In [None]:
# This Python 3 environment comes with many helpful analytics libraries installed
# It is defined by the kaggle/python Docker image: https://github.com/kaggle/docker-python
# For example, here's several helpful packages to load

import numpy as np # linear algebra
import pandas as pd # data processing, CSV file I/O (e.g. pd.read_csv)

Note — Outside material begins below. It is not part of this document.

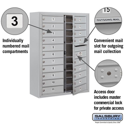 11 Door High Surface Mounted 4C Horizontal Mailbox with 20 Doors in Aluminum for Private Access

# Input data files are available in the read-only "../input/" directory
# For example, running this (by clicking run or pressing Shift+Enter) will list all files under the input directory

# import os
# for dirname, _, filenames in os.walk('/kaggle/input'):
#     for filename in filenames:
#         print(os.path.join(dirname, filename))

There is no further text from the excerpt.